## Task directions:
Look through the data below for the line with "Joanna: – Taki" and the line with "层叠薄纱与流光细节交织,勾勒", then output those two and all lines in between, exactly as written.

## Supplied material:
──────────────────────────────

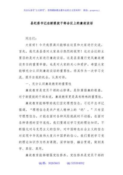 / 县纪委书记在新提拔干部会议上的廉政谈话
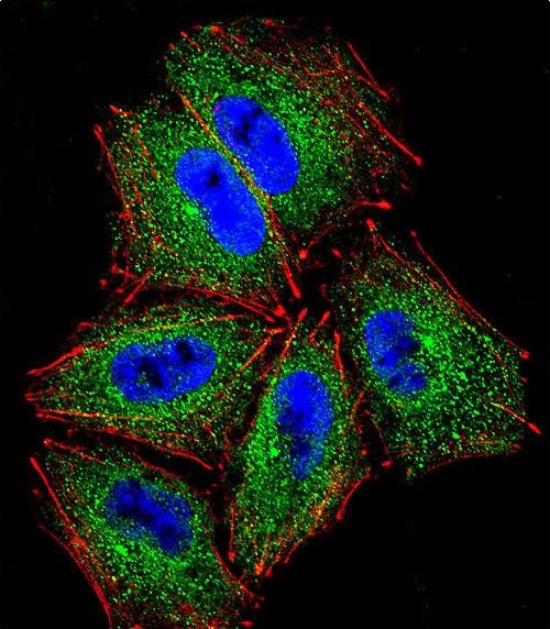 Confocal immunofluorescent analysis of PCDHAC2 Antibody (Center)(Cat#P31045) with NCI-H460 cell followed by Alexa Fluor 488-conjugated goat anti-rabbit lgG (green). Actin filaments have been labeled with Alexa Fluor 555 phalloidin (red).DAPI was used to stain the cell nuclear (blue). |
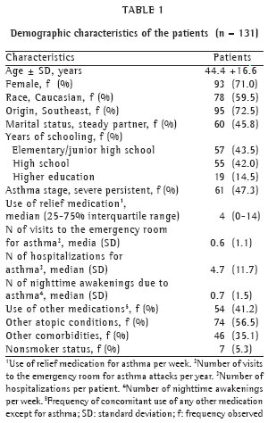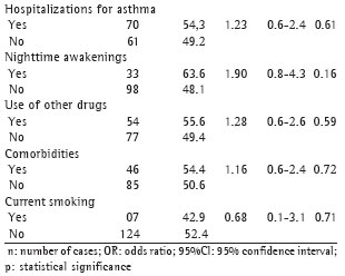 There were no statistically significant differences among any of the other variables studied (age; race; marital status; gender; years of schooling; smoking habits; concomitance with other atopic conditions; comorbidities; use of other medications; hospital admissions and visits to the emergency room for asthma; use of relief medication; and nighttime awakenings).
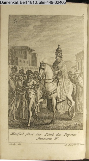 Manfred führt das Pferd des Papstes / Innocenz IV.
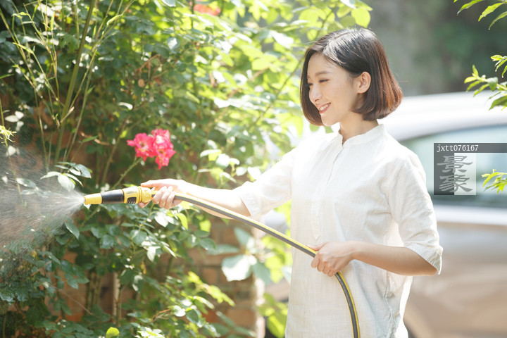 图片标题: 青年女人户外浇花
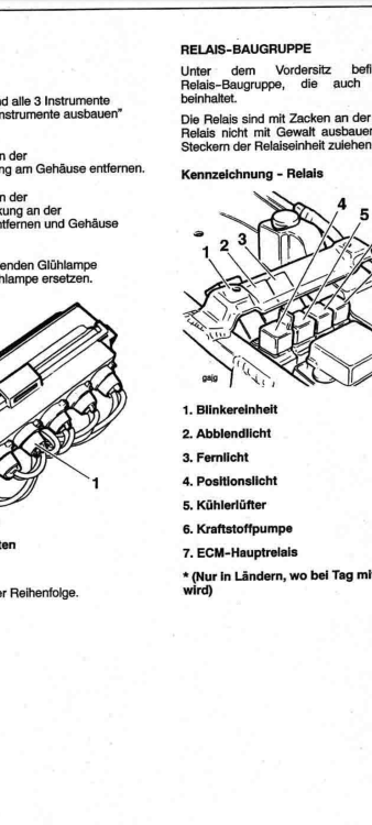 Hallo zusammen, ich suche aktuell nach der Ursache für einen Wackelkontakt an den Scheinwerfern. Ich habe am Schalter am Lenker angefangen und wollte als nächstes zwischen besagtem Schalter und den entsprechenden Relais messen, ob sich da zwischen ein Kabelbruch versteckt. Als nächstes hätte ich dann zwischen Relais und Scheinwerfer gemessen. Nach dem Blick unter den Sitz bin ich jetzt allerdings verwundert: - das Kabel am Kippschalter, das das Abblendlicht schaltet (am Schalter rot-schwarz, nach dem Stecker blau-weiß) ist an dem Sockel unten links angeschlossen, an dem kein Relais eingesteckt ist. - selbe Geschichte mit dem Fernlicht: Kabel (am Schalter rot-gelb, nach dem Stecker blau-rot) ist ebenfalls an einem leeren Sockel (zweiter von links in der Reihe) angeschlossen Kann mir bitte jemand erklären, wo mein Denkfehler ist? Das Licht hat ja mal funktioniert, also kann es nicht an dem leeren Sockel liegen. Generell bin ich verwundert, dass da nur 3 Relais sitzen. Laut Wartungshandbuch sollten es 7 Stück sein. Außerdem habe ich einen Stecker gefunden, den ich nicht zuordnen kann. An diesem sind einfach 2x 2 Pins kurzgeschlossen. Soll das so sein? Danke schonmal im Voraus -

──────────────────────────────

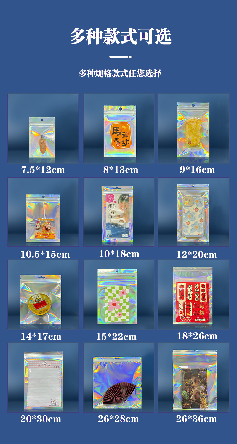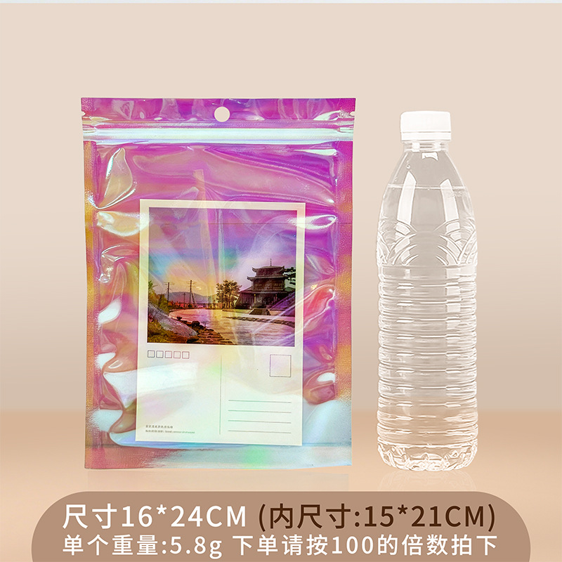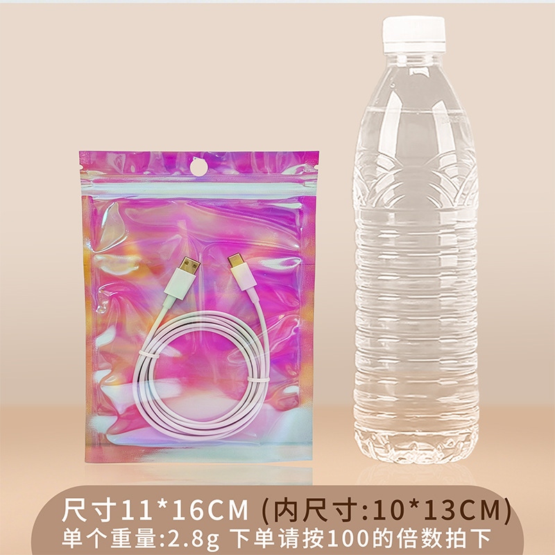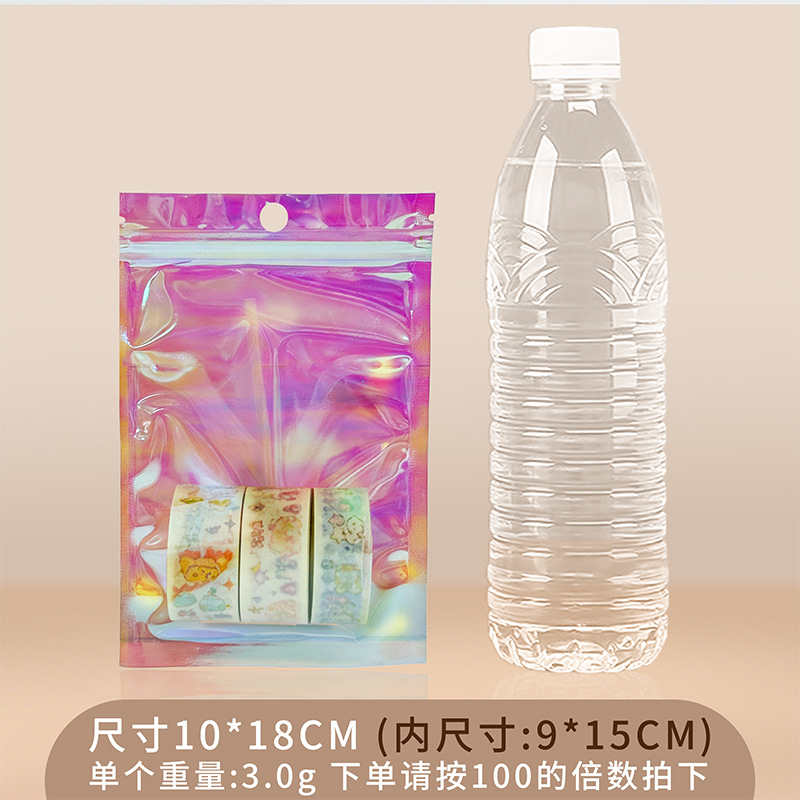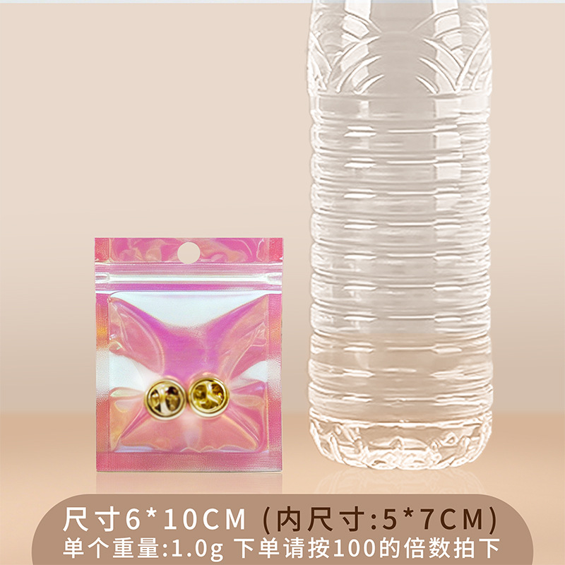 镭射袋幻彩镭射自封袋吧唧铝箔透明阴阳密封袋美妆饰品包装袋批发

──────────────────────────────

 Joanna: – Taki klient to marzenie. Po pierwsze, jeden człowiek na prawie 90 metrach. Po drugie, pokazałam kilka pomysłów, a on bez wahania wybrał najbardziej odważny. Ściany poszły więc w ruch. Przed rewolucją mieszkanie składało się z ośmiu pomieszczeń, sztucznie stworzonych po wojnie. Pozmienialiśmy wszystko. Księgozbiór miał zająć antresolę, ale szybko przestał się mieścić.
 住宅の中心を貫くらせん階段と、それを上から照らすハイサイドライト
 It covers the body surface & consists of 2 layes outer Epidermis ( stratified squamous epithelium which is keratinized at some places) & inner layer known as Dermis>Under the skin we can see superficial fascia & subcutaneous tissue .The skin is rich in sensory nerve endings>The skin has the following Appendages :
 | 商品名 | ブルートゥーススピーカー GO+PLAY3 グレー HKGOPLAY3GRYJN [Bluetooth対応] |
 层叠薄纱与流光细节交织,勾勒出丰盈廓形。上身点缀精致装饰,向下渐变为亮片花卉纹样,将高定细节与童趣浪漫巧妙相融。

──────────────────────────────

## Output of the exercise:
 Joanna: – Taki klient to marzenie. Po pierwsze, jeden człowiek na prawie 90 metrach. Po drugie, pokazałam kilka pomysłów, a on bez wahania wybrał najbardziej odważny. Ściany poszły więc w ruch. Przed rewolucją mieszkanie składało się z ośmiu pomieszczeń, sztucznie stworzonych po wojnie. Pozmienialiśmy wszystko. Księgozbiór miał zająć antresolę, ale szybko przestał się mieścić.
 住宅の中心を貫くらせん階段と、それを上から照らすハイサイドライト
 It covers the body surface & consists of 2 layes outer Epidermis ( stratified squamous epithelium which is keratinized at some places) & inner layer known as Dermis>Under the skin we can see superficial fascia & subcutaneous tissue .The skin is rich in sensory nerve endings>The skin has the following Appendages :
 | 商品名 | ブルートゥーススピーカー GO+PLAY3 グレー HKGOPLAY3GRYJN [Bluetooth対応] |
 层叠薄纱与流光细节交织,勾勒出丰盈廓形。上身点缀精致装饰,向下渐变为亮片花卉纹样,将高定细节与童趣浪漫巧妙相融。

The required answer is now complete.